Seven Sisters commence donc avec un gros problème : Noomie Rapace la surpopulation. La Terre est pleine comme moi un vendredi soir, et on finit par se marcher sur les pieds. Du coup, tout le monde est un peu chinchin, même Trump se rend compte qu’il va falloir arrêter de maltraiter la planète – c’est vous dire l’ampleur du désastre – mais on ne sait pas trop comment.
Mais oui bien sûr ! Les OGM ! Grâce à tout un tas de gentils scientifiques, on parvient à refaire pousser des légumes nutritifs qui permettent de mettre fin à la famine mais qui ont le léger inconvénient de foutre un peu le bazar dans le génome humain, faisant naître des bébés à trois jambes, deux têtes, ou même fans de Taylor Swift. Face à ce problème, Glenn Close, qui joue random méchante scientifique 1938013 décide qu’à partir de maintenant, ça suffit les conneries, on fait un bébé par couple, ça bouffera moins et on ne gardera que ceux qui sont réussis. Et si par accident vous en faîtes un deuxième ? Oh bah c’est pas grave, de gentils hommes en noirs les amèneront dans une ferme dans un centre où on les mettra en sommeil cryogénique jusqu’à ce que la situation s’arrange. Genre que des extra terrestres nous apportent le secret de l’énergie renouvelable ou que Dragon Ball Super ait une intrigue solide. Autrement dit pas demain.
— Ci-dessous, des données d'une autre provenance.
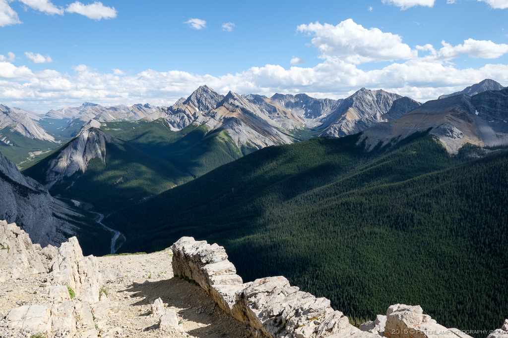 The first two-thirds of the way is a gradual uphill slog through some dense woods and switchbacks, with not much to see in terms of scenery. However, as soon as you clear the treeline, views of the valley below open up beautifully. We could make out our starting point at the Miette Hotsprings, and Ashlar Ridge just beyond.

C’est dans ce contexte pas folichon que, dans un hôpital clandestin, naissent sept petites filles. La maman ne survit pas à l’accouchement, on ne connaît pas le père, autant dit que c’est mal parti pour elles. Heureusement, Papi est là pour les prendre sous son aile et les soustraire au méchant CAB, l’organisation qui congèle les mômes, façon glaçon de Martinis.
“Comment allez vous les appeler ? demande le chirurgien beau gosse qui les a accouché (et que c’est un scandale esthétique qu’on ne le voit pas davantage)
– Hmmm… Elles sont sept…”
Et là, je prie avec ferveur : “Pitié appelle-les comme les sept nains, pitié appelle-les comme les sept nains…”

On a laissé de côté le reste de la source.